§ **Work instructions**:
Pictures do not belong in the copy. Write out exactly the lines from the one containing "Историческая фотография городского" through the end of the data.

§ **Data**:
=== Section Start ===

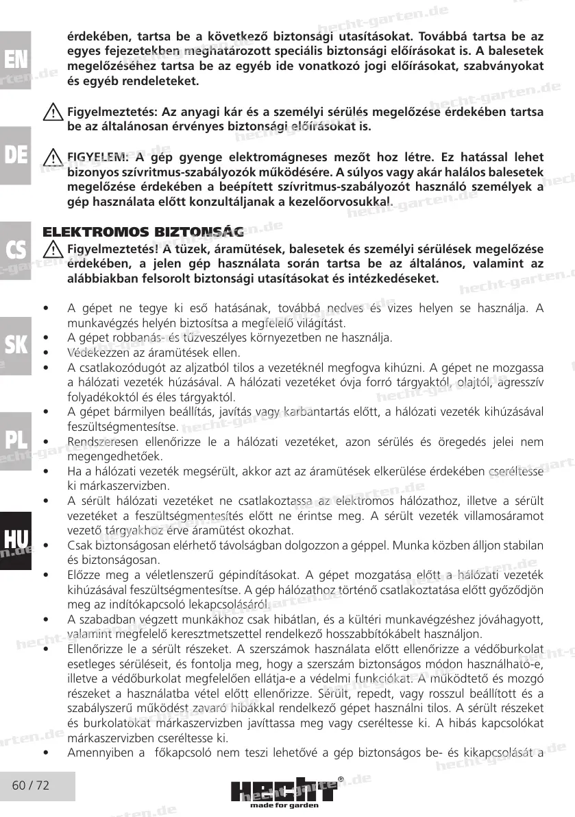 érdekében, a jelen gép használata során tartsa be az általános, valamint az
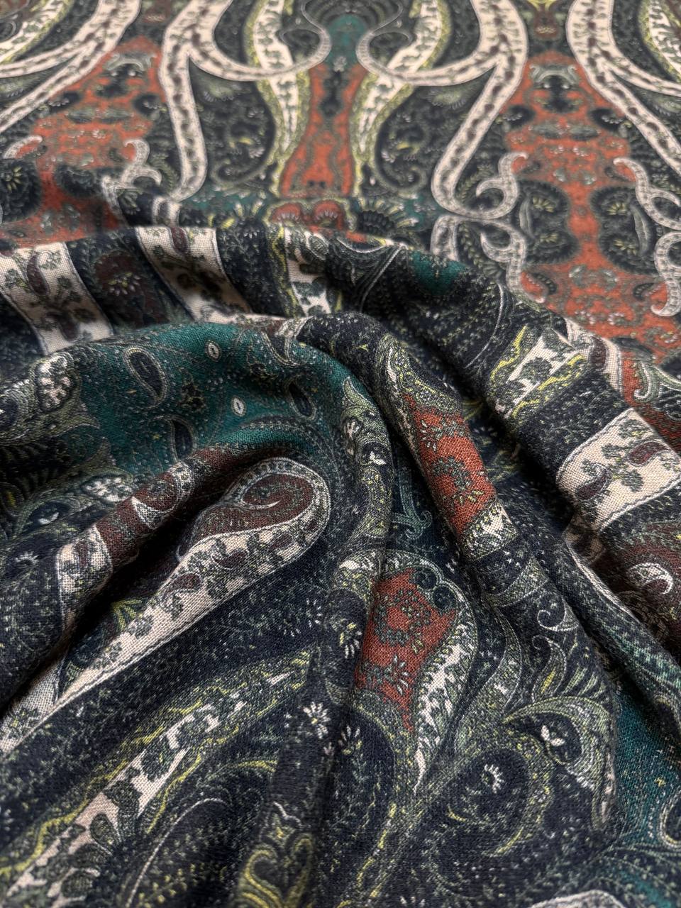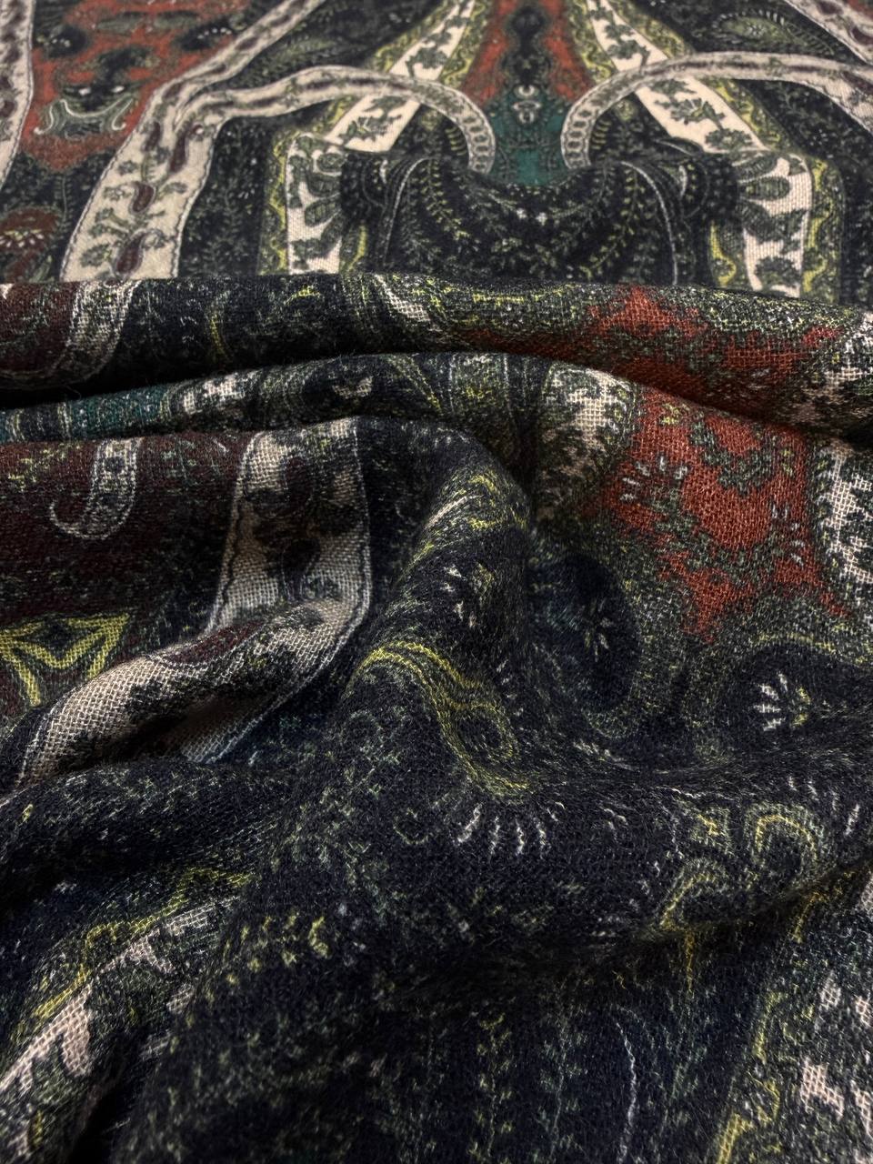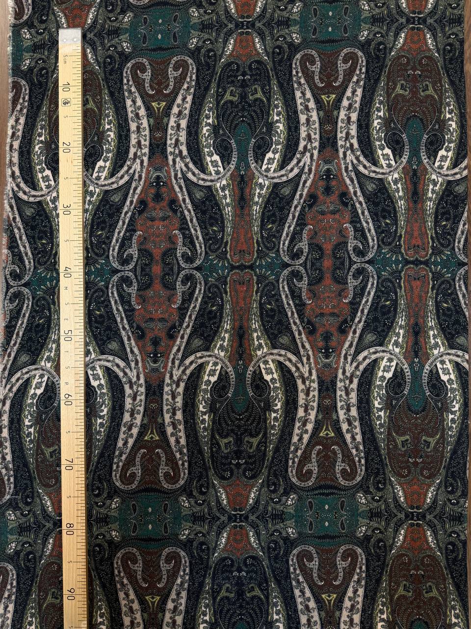Остаток 4.9 м. Прекрасная плательная ткань. Полотно шероховатое, очень мягкое и уютное. Тактильно больше ощущается шерсть. Шьем платья, блузки, юбки, а так же можно использовать для палантинов. Принт напечатан. Рисунок Etro, рапорт 78см.
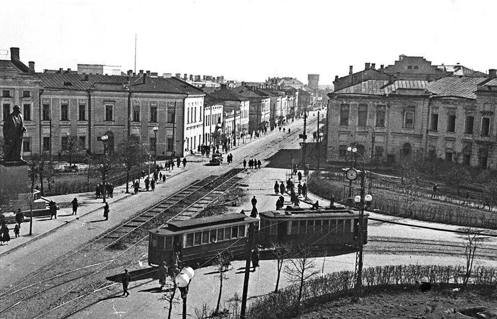 Историческая фотография городского пейзажа с трамваем, людьми, и зданиями, вероятно сделана в начале 20-го века
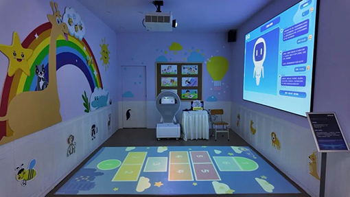 K12体适能素质教育场景——AI趣味体适能方案:打破空间局限,无需前往操场,学生利用课间时间在室内即可开启趣味锻炼。方案融合高亮激光投影机以真实超高亮度输出确保明亮环境下画面依然清晰可见。搭载巧智绘AI小智一体机*3,轻松打造不受天气与场地限制的沉浸式运动空间。随着AI技术的发展,运动内容还可按需定制、灵活更新,并以互动引导、趣味闯关等形式激发学生运动兴趣。

=== Section End ===

§ **Task response**:
 Историческая фотография городского пейзажа с трамваем, людьми, и зданиями, вероятно сделана в начале 20-го века
 K12体适能素质教育场景——AI趣味体适能方案:打破空间局限,无需前往操场,学生利用课间时间在室内即可开启趣味锻炼。方案融合高亮激光投影机以真实超高亮度输出确保明亮环境下画面依然清晰可见。搭载巧智绘AI小智一体机*3,轻松打造不受天气与场地限制的沉浸式运动空间。随着AI技术的发展,运动内容还可按需定制、灵活更新,并以互动引导、趣味闯关等形式激发学生运动兴趣。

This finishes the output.